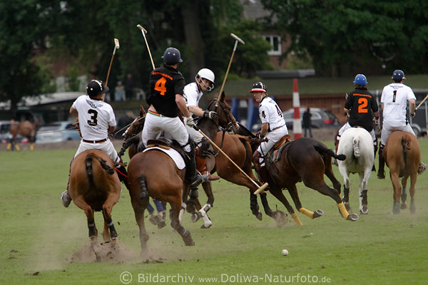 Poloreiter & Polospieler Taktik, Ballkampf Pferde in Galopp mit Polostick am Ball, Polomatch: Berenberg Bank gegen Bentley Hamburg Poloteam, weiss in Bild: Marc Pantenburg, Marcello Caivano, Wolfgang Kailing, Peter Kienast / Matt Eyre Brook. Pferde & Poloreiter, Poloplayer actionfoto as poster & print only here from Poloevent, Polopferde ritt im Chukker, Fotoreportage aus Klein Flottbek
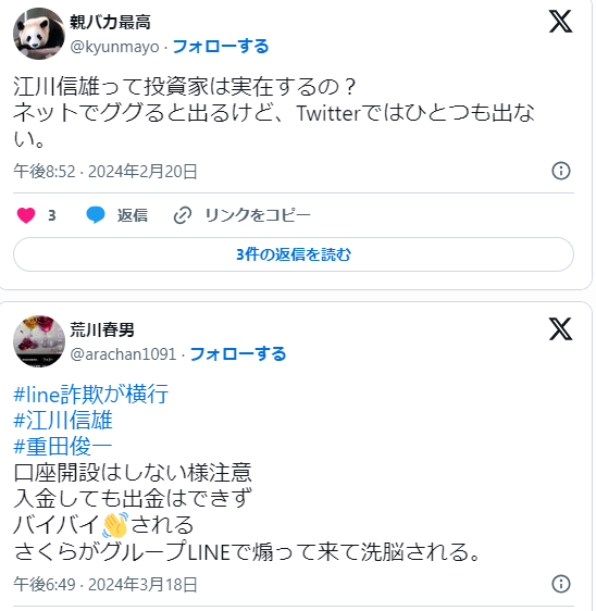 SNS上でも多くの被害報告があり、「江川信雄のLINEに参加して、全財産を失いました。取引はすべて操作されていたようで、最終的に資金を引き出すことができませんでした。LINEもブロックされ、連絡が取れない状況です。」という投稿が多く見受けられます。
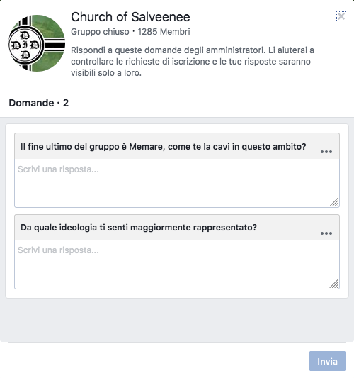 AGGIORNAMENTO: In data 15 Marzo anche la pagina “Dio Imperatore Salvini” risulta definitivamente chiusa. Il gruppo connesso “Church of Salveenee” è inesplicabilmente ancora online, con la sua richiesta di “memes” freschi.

WHAT THIS TASK INVOLVES:
What you give back must match the material word for word, with no images included.

ANSWER SECTION:
 Poloreiter & Polospieler Taktik, Ballkampf Pferde in Galopp mit Polostick am Ball, Polomatch: Berenberg Bank gegen Bentley Hamburg Poloteam, weiss in Bild: Marc Pantenburg, Marcello Caivano, Wolfgang Kailing, Peter Kienast / Matt Eyre Brook. Pferde & Poloreiter, Poloplayer actionfoto as poster & print only here from Poloevent, Polopferde ritt im Chukker, Fotoreportage aus Klein Flottbek
 SNS上でも多くの被害報告があり、「江川信雄のLINEに参加して、全財産を失いました。取引はすべて操作されていたようで、最終的に資金を引き出すことができませんでした。LINEもブロックされ、連絡が取れない状況です。」という投稿が多く見受けられます。
 AGGIORNAMENTO: In data 15 Marzo anche la pagina “Dio Imperatore Salvini” risulta definitivamente chiusa. Il gruppo connesso “Church of Salveenee” è inesplicabilmente ancora online, con la sua richiesta di “memes” freschi.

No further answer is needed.